* [What you will do] Transcribe, with complete accuracy, all of the entries below except for the pictures.

(Source records)
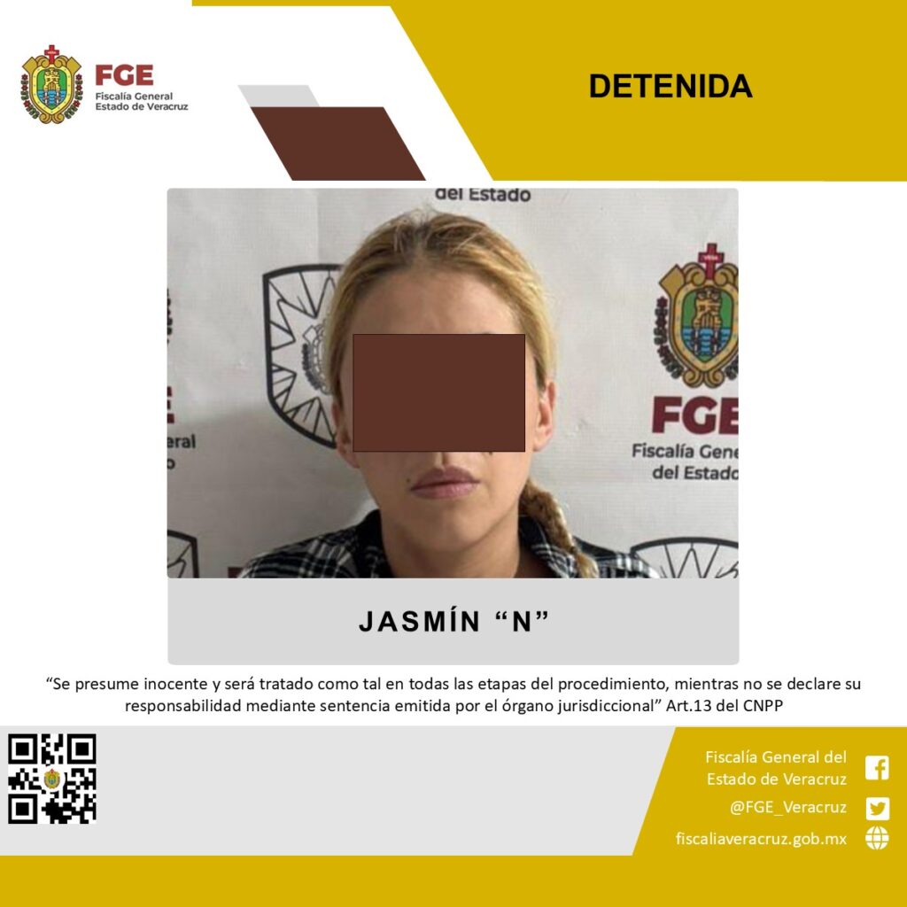 Elementos de la Policía Ministerial llevaron a cabo la detención de Jasmín ‘N’ por hechos que podrían constituir un delito, mientras realizaban actos de investigación en la colonia Reserva Tarimoya Cuatro, en el municipio de Veracruz, informó la Fiscalía General del Estado.
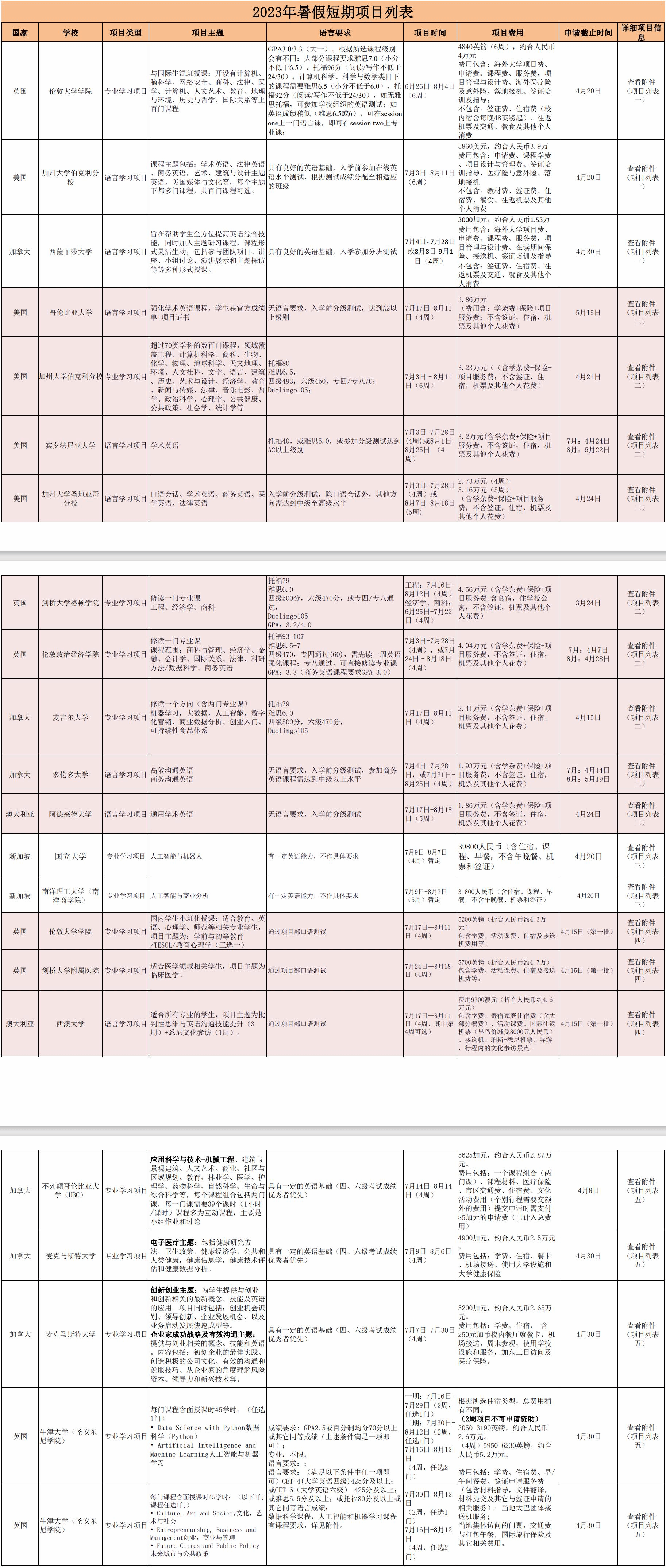 国际化发展,加快推进学校“双一流”建设,着力培养具有国际视野和国际竞争力的高素质人才,并感受海外校园学术及文化氛围、享受优质教学资源,现发布暑假海外高校项目及课程。(项目详情请见附件)。
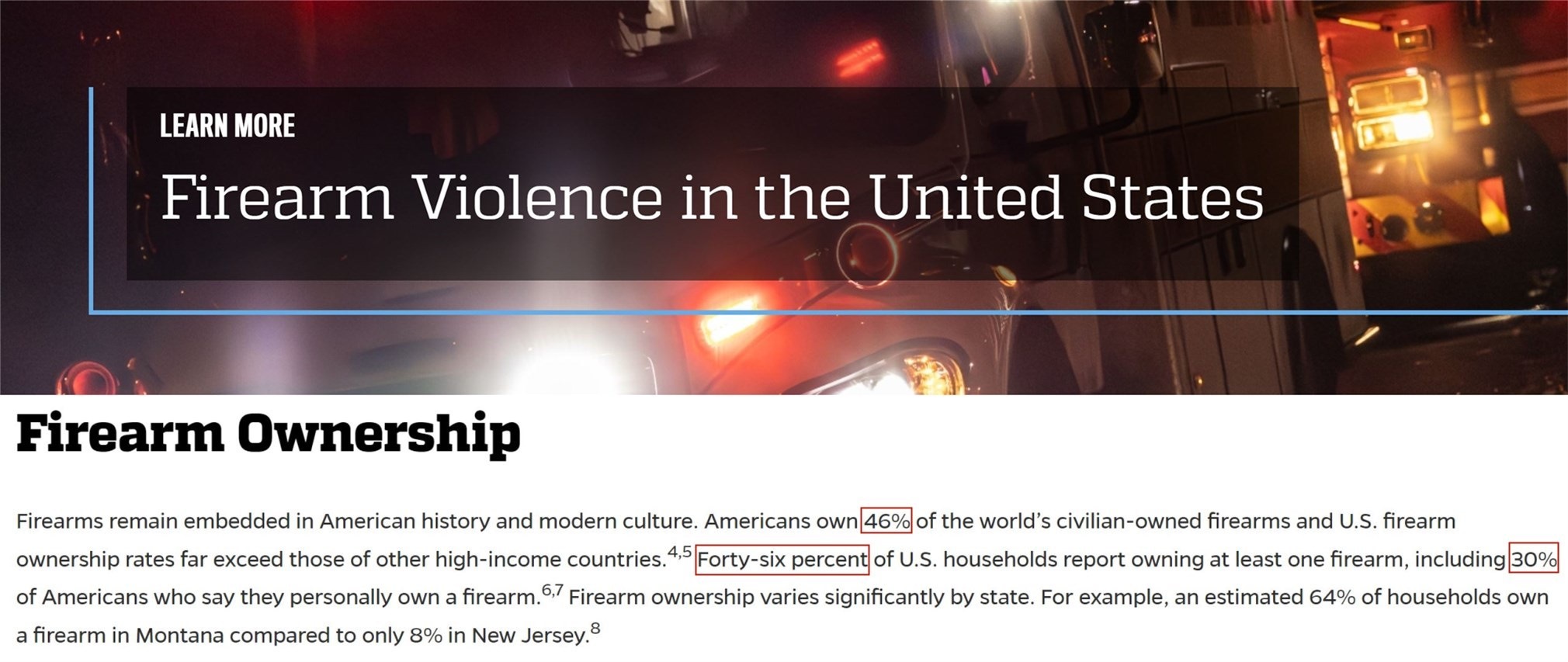 約翰斯·霍普金斯大學(xué)槍支暴力解決方案中心2023年發(fā)布的數(shù)據(jù)顯示,世界上近一半(46%)的民用槍支在美國(guó);近一半(46%)的美國(guó)家庭報(bào)告擁有至少一把槍,其中30%的人承認(rèn)自己擁有槍支。
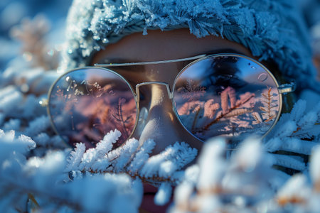 Close Up of a Person Wearing Sunglasses With Frosty Branches Reflecting in the Lenses
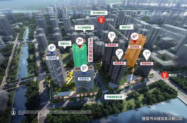 基础信息• 用地面积31180平方米,总建筑面积123627.84平方米,住宅面积76909.82平方米,底商面积584.18平方米,公建配套面积456平方米。• 机动车车位数782个,非机动车车位数783个。• 容积率2.5,绿化率30.41%。• 地块位于南沙横沥岛,在广州地铁18号线横沥站西侧约300米处。横沥岛作为全国首个国际金融岛,对标纽约曼哈顿,未来会集聚众多全球金融重器,发展预期和投资价值高。
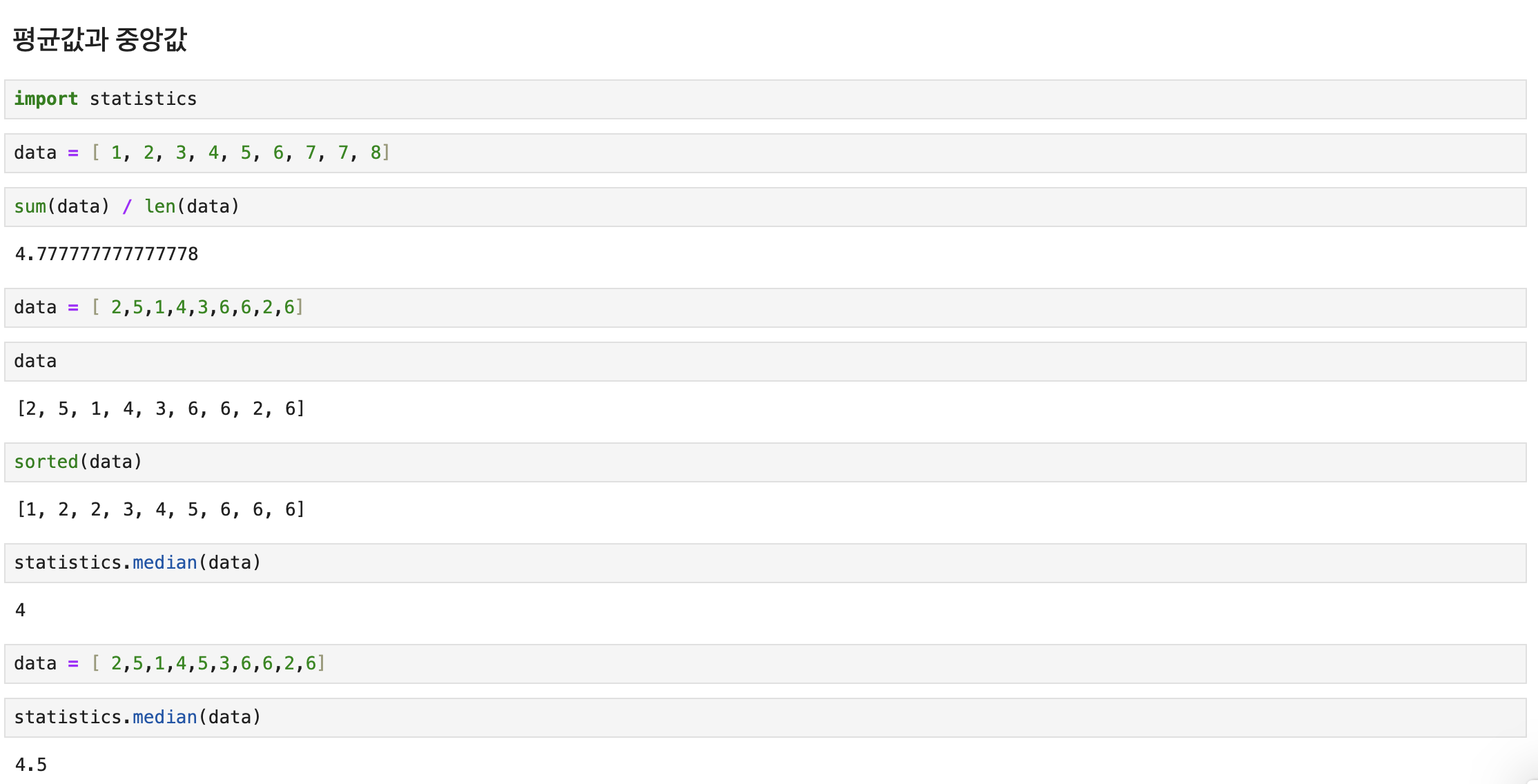 - 데이터가 짝수 개수일 때는 중앙값 두 개의 평균을 반환.

* [Answer box]
 Elementos de la Policía Ministerial llevaron a cabo la detención de Jasmín ‘N’ por hechos que podrían constituir un delito, mientras realizaban actos de investigación en la colonia Reserva Tarimoya Cuatro, en el municipio de Veracruz, informó la Fiscalía General del Estado.
 国际化发展,加快推进学校“双一流”建设,着力培养具有国际视野和国际竞争力的高素质人才,并感受海外校园学术及文化氛围、享受优质教学资源,现发布暑假海外高校项目及课程。(项目详情请见附件)。
 約翰斯·霍普金斯大學(xué)槍支暴力解決方案中心2023年發(fā)布的數(shù)據(jù)顯示,世界上近一半(46%)的民用槍支在美國(guó);近一半(46%)的美國(guó)家庭報(bào)告擁有至少一把槍,其中30%的人承認(rèn)自己擁有槍支。
 Close Up of a Person Wearing Sunglasses With Frosty Branches Reflecting in the Lenses
 基础信息• 用地面积31180平方米,总建筑面积123627.84平方米,住宅面积76909.82平方米,底商面积584.18平方米,公建配套面积456平方米。• 机动车车位数782个,非机动车车位数783个。• 容积率2.5,绿化率30.41%。• 地块位于南沙横沥岛,在广州地铁18号线横沥站西侧约300米处。横沥岛作为全国首个国际金融岛,对标纽约曼哈顿,未来会集聚众多全球金融重器,发展预期和投资价值高。
 - 데이터가 짝수 개수일 때는 중앙값 두 개의 평균을 반환.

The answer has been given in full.